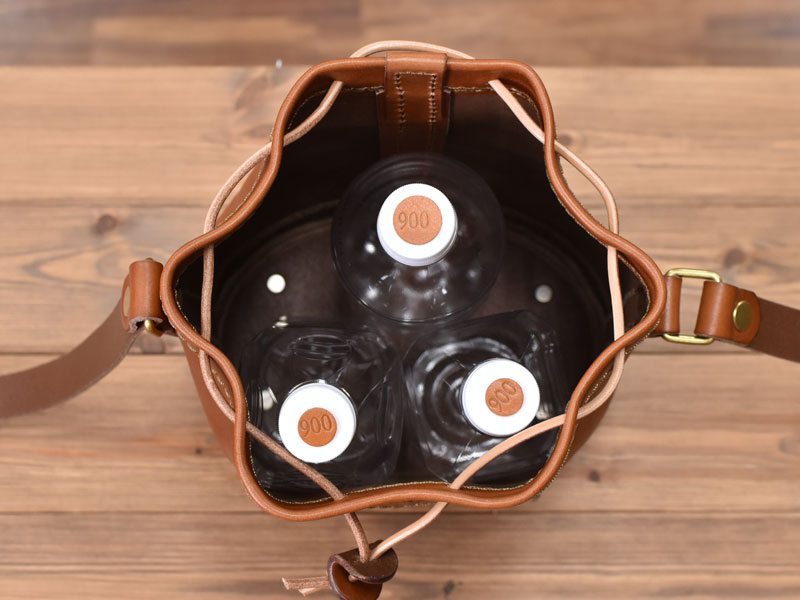 900mlを縦に(3本)入れた状態でも余裕があり、鞄の開口部もしっかり閉じることができます。
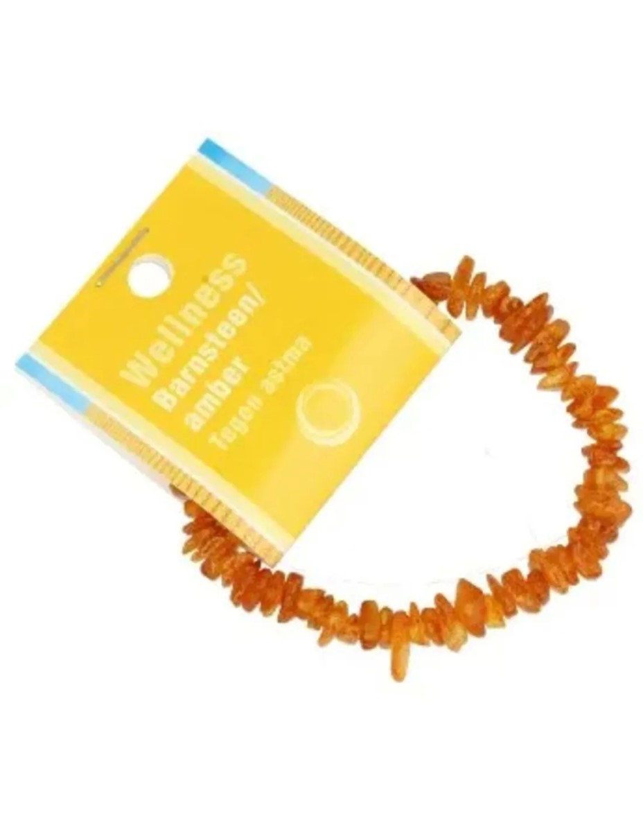Barnsteen edelstenen split armband met displaykaartje, ca. 17 cm lang en geregen op elastiek.
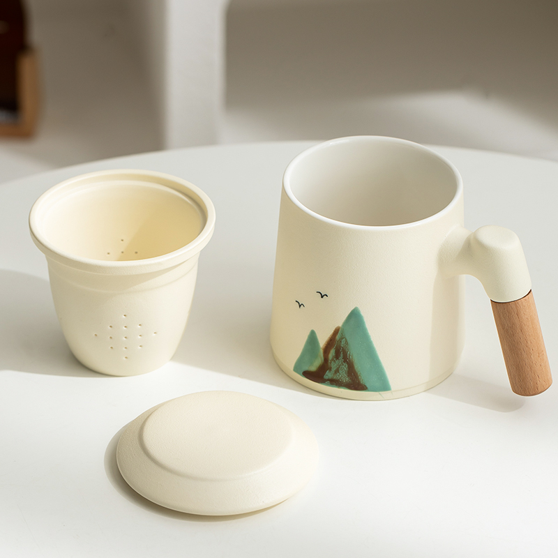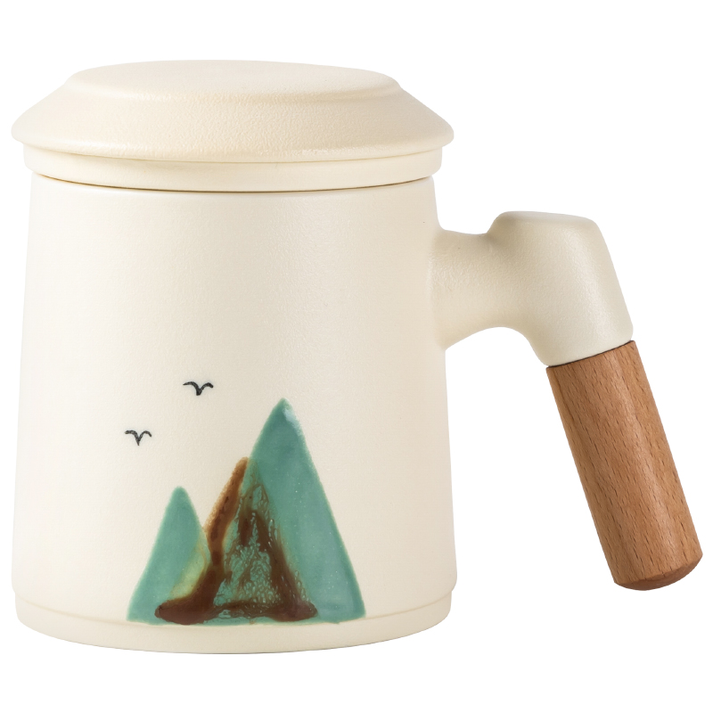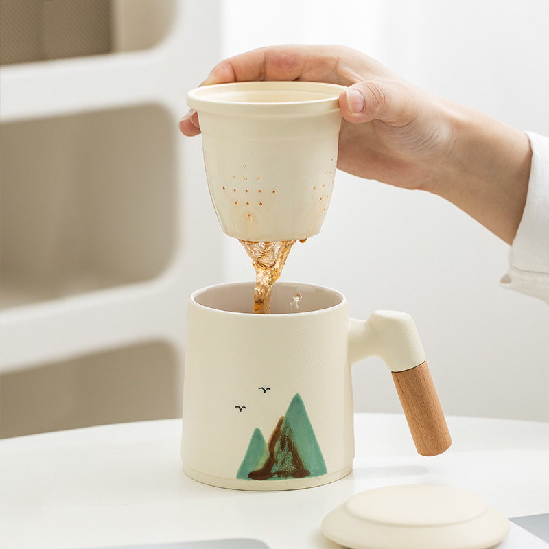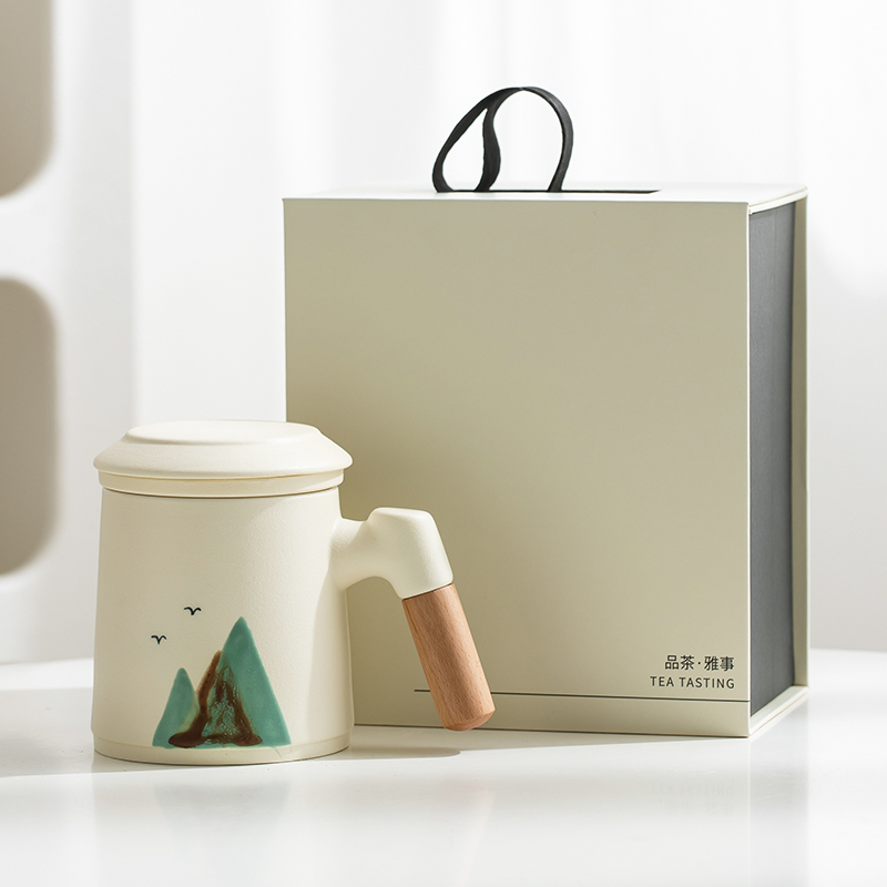 陶瓷马克杯办公室茶水分离泡茶杯子带盖过滤家用水杯logo定制礼盒

——

# TASK PROMPT
Word for word, return the material above, but drop the pictures.

# THE COMPLETED TASK
 900mlを縦に(3本)入れた状態でも余裕があり、鞄の開口部もしっかり閉じることができます。
Barnsteen edelstenen split armband met displaykaartje, ca. 17 cm lang en geregen op elastiek.
 陶瓷马克杯办公室茶水分离泡茶杯子带盖过滤家用水杯logo定制礼盒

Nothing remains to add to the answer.